On a separate call for European investors earlier that day, William Johnston, an AllianceBernstein portfolio manager, pressed CFO Clive Standish about a breakup. “This is the second time in the past three quarters you’ve missed earnings because of the investment bank, and it’s impacting the value of the business,” he said. “Is it not time you consider separating the asset management division and the private bank from the investment bank?”

Wuffli dismissed the idea of a split-up, asserting that the asset management and investment banking units complement one another. Senior corporate executives who go to UBS for acquisition or capital markets advice, he reasoned, will also seek the counsel of UBS private bankers to manage their personal finances, just as superrich wealth management clients will tap the investment bank for sophisticated financial products. “Our wealth management growth would not be possible without a very high-performing investment bank and institutional asset management business,” asserted Wuffli, who served as UBS’s CFO and asset management chief before becoming CEO.

Jenkins, also 49, got his start working in operations before moving into a series of trading assignments around the world. “UBS without an investment bank is like British Airways without the airplanes but still with the duty-free goods.” he tells Institutional Investor. “It does not work.”

In its July 5 announcement, UBS said that Marcel Ospel would remain as bank chairman for at least three more years. A year ago, it said, Ospel had expressed his desire to retire in the near future and had proposed Wuffli as his successor. After deliberation, the board rejected Wuffli as prospective chairman, setting in motion the management shift.

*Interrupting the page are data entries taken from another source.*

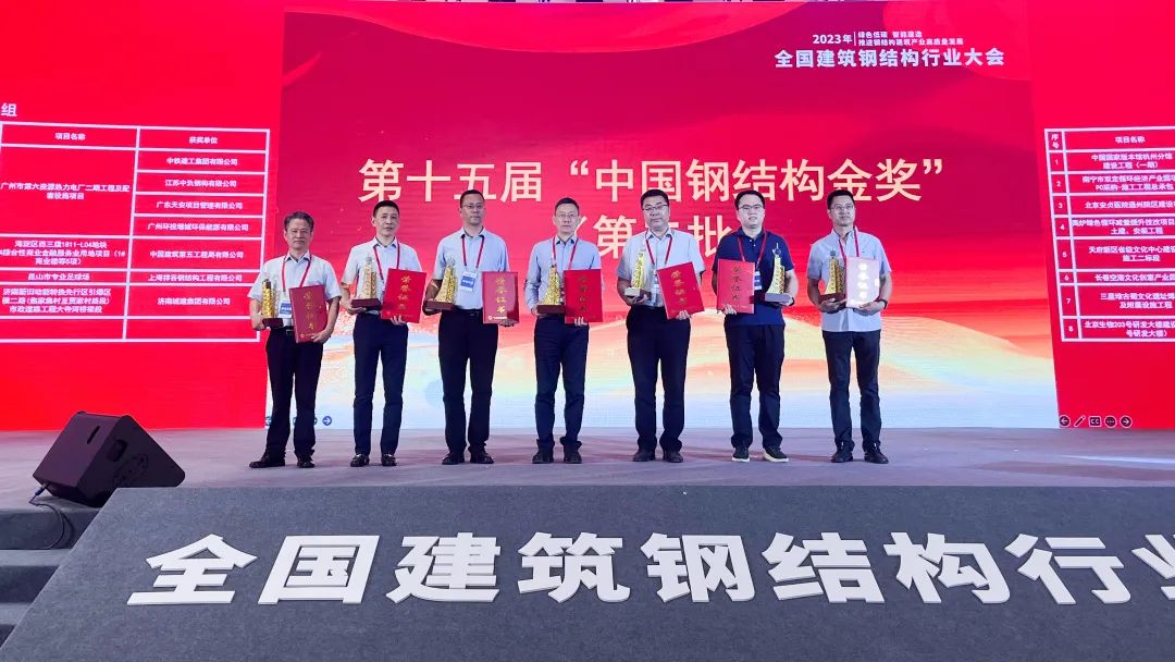 6月4日,全國建筑鋼結(jié)構(gòu)行業(yè)大會在上海舉行,會議公布第十五屆“中國鋼結(jié)構(gòu)金獎”(第二批)獲獎項目名單,由濟南城市建設(shè)集團(tuán)投資建設(shè)的濟南黃河鳳凰大橋工程,受委托建設(shè)的濟南新舊動能起步區(qū)橫一路大寺河橋工程及橫二路大寺河橋工程榮獲“中國鋼結(jié)構(gòu)金獎”,建設(shè)集團(tuán)黨委副書記、總經(jīng)理許為民代表集團(tuán)領(lǐng)獎。
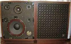 Some of these early 3-way models featured 10" and 12" woofers manufactured by Jensen ("Flex-Air") and CTS (Chicago Telephone Supply), 5" whizzer cone squawkers manufactured by Philips Electronics of the Netherlands, and 2" and 2.5" cone tweeters by Peerless of Denmark.[22] The Rectilinear speakers were typically, but not always, of ported design and finished in walnut with fabric or fretwork grilles. Many models featured one, or sometimes two, rear tone controls. The company offered some of their models as kits and "semi-kits".[23]
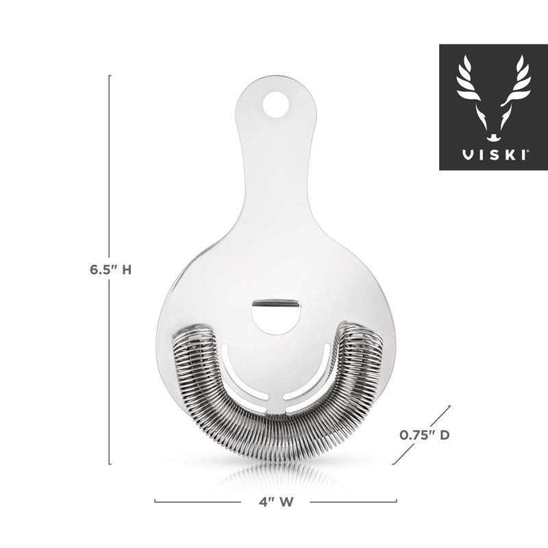 Viski Hawthorne and Bartending Strainer - Stainless Steel Bar Cocktail Strainer for Drinks with Handles,Silver
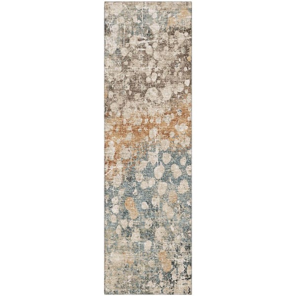 Mayfield Premium Machine Washable Abstract AMF2113 Putty 2 ft. x 7 ft. Runner Rug
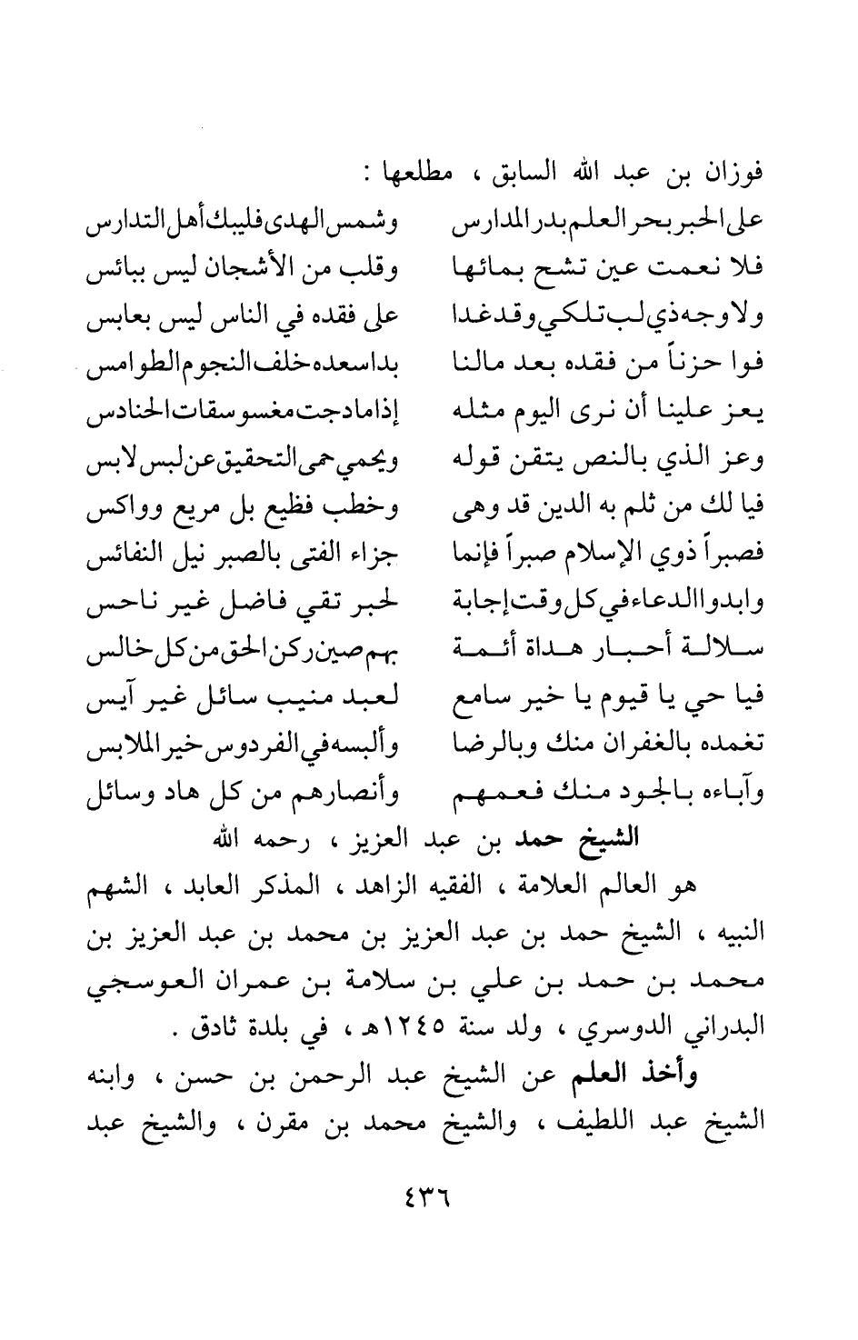 هو العالم العلامة، الفقيه الزاهد، المذكر العابد، الشهم النبيه، الشيخ حمد بن عبد العزيز بن محمد بن عبد العزيز بن محمد بن حمد بن علي بن سلامة بن عمران العوسجي البدراني الدوسري، ولد سنة 1245?، في بلدة ثادق.
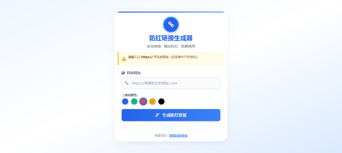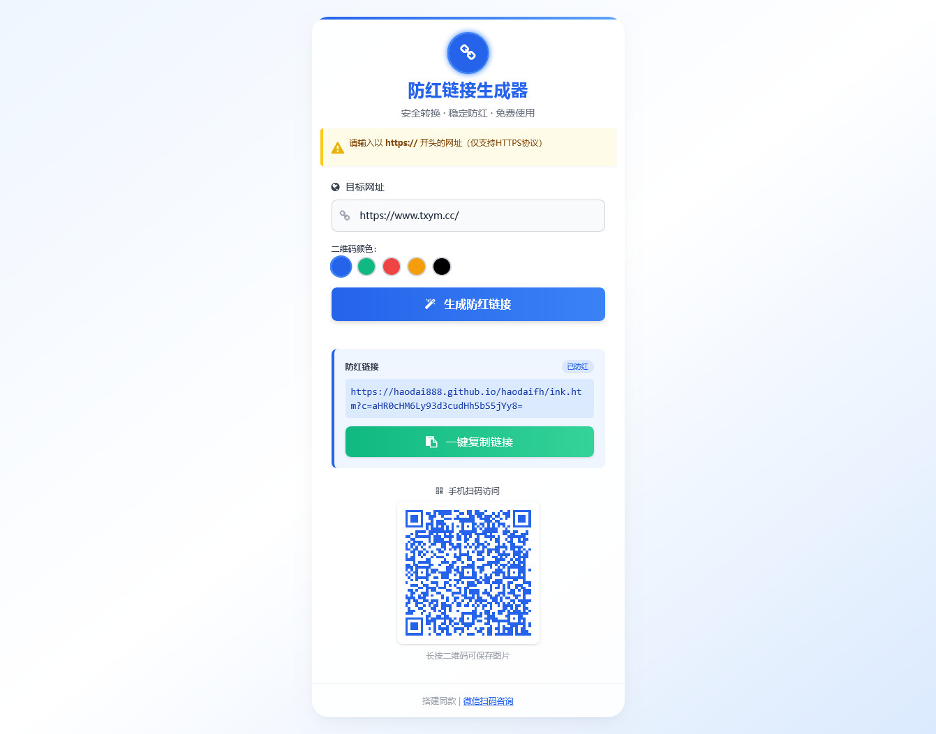 这是一套防红链接生成源码,支持微信直开,手机端完全自适应,仅支持HTTPS协议地址,支持五种二维码颜色,支持手机扫码访问,由于只有一个HTML文件,可以直接在本地使用,虽然内置接口已失效需要替换修复,但是其防封代码的思路仍然值得借鉴。
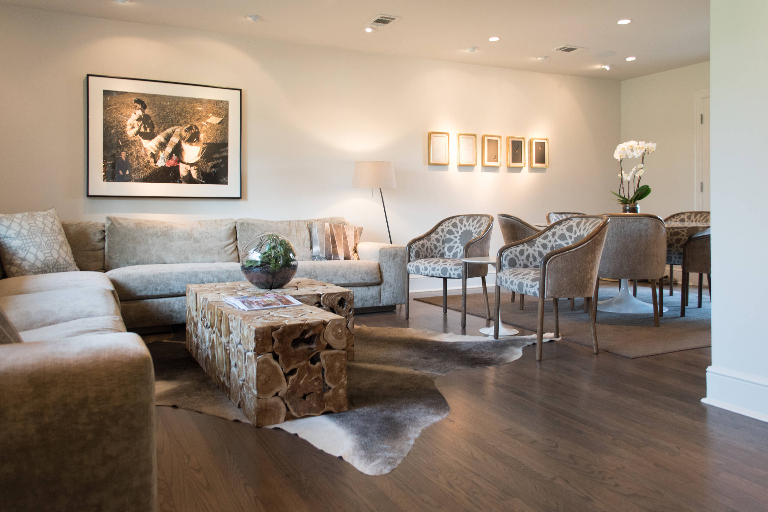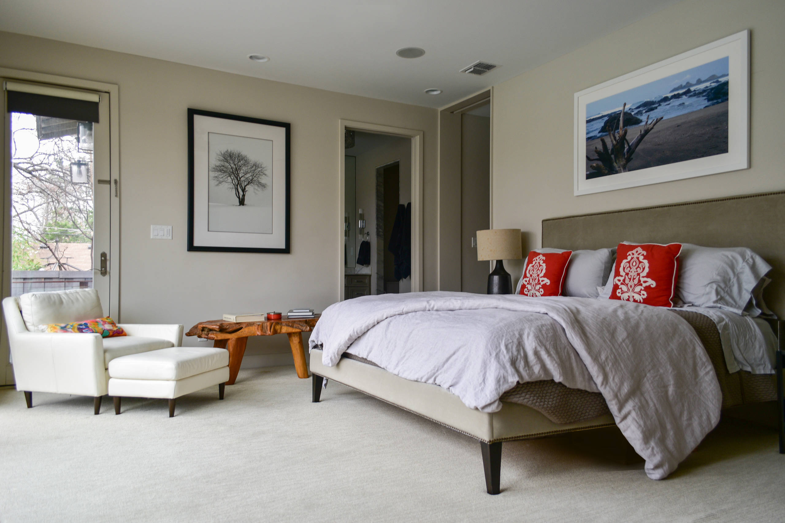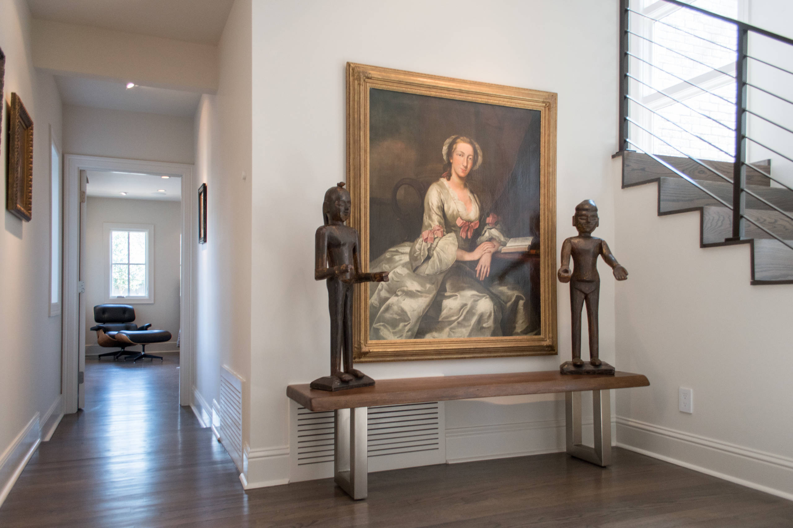 The updated home includes wood floors throughout. It’s furnished with a mix of midcentury and contemporary pieces, and the walls are decorated with fine art.
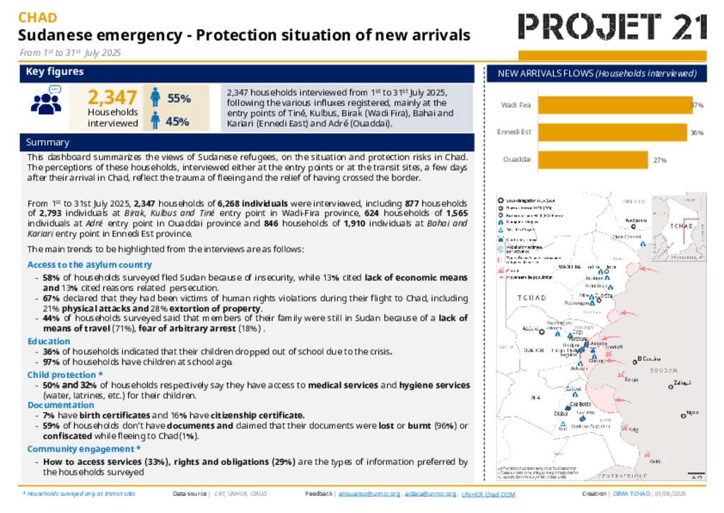P21 - TCHAD| Dashboard Preliminary results Monitoring Sudan Emergency (may 01 to 31 july, 2025)(EN)
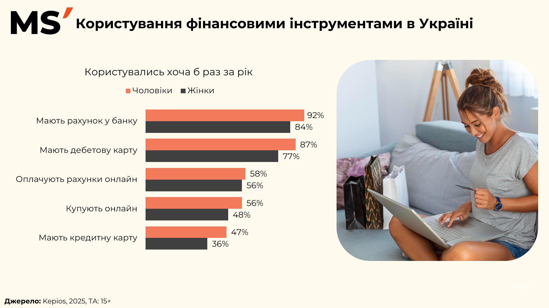 Найпоширеніший інструмент — банківський рахунок. Наявність рахунку мають 92% чоловіків і 84% жінок. Це фактично стандарт, без якого сучасні фінансові операції вже не уявити. Слідом — дебетові картки: ними володіють 87% чоловіків і 77% жінок. Ці показники підтверджують, що платіжні інструменти в Україні стали універсальним інструментом незалежно від статі.
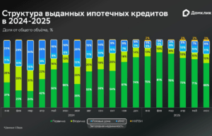В среднем доля новостроек в общем объёме выдач с июля по декабрь 2024 года не превышала 57%, однако в период с января по июнь 2025 года средняя доля первичного жилья в выдачах составила 74% (+17 п.п. ко второй половине 2024 года). На столь высокие показатели новостроек в выдачах влияют программы с господдержкой, а в особенности «Семейная ипотека». Так, по итогам первого полугодия более 85% всех выдач по новостройкам пришлось на «Семейную ипотеку».
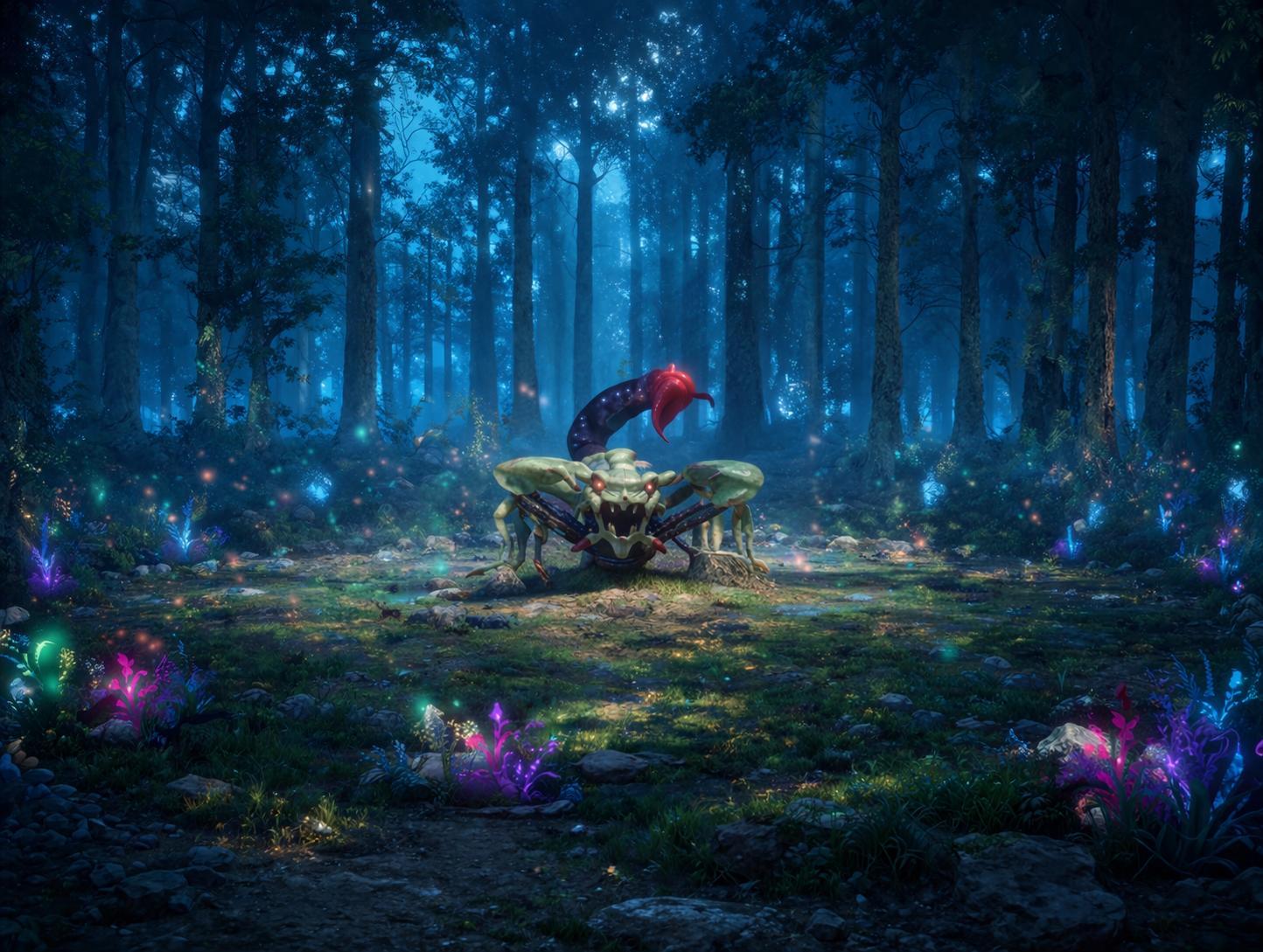 (AI改圖 將世界樹的F.O.E 放進 森林的背景圖 中)

Rohner, 42, has been chairman and CEO of UBS’s global wealth management and business banking unit, and deputy group CEO since January 2006.

Though Wuffli’s ouster came as a surprise, some shareholders understood the decision. “Dillon Read was a public embarrassment, investment in the investment bank has yet to yield results, and the board recognizes the share price should be significantly higher,” says Adrian Darley, portfolio manager at London-based Resolution Asset Management, a UBS shareholder.

But Ospel rejects the idea that Wuffli was pushed aside as a result of pressure to increase earnings and boost the stock price. Nor does he see any need to change UBS’s strategy. “Nothing changes. There was no disagreement over the strategy,” he told Institutional Investor in an interview following the announcement. “We don’t particularly appreciate being compared with ABN Amro both in terms of our strategic remit and the way we manage our group. We feel entirely supported by our shareholder base.”

Ospel acknowledged recent difficulties, saying, “We’ve had issues at the investment bank for the past few quarters.” But he insists that Jenkins, who was promoted by Wuffli in 2005, is secure. “Huw is a strong leader of our investment bank, fits well with our leadership team on the group executive level and has our full support,” Ospel says.

To be sure, this is not the first time that UBS has had difficulty finding a successor to Ospel. In December 2001, Luqman Arnold, then president of the group executive board, left following a disagreement with Ospel over capital commitments to the troubled Swissair. Wuffli replaced him.

In one sense, unease among UBS shareholders is remarkable, given the extraordinary run the bank has had over the past two decades under the guiding hand of the visionary Ospel, who transformed the then–Swiss Bank Corp. from the third-ranked bank in tiny Switzerland into a global power. Ospel engineered a series of deals that began with the 1992 purchase of derivatives-trading firm O’Connor & Associates in Chicago and reached its peak with the 1998 merger with SBC’s bigger rival, Union Bank of Switzerland. (The three keys that are part of the UBS logo are from SBC’s old insignia.) Along the way he also acquired U.S. mergers and acquisitions boutique Dillon Read & Co., British investment bank S.G. Warburg Group and U.S. brokerage PaineWebber Group.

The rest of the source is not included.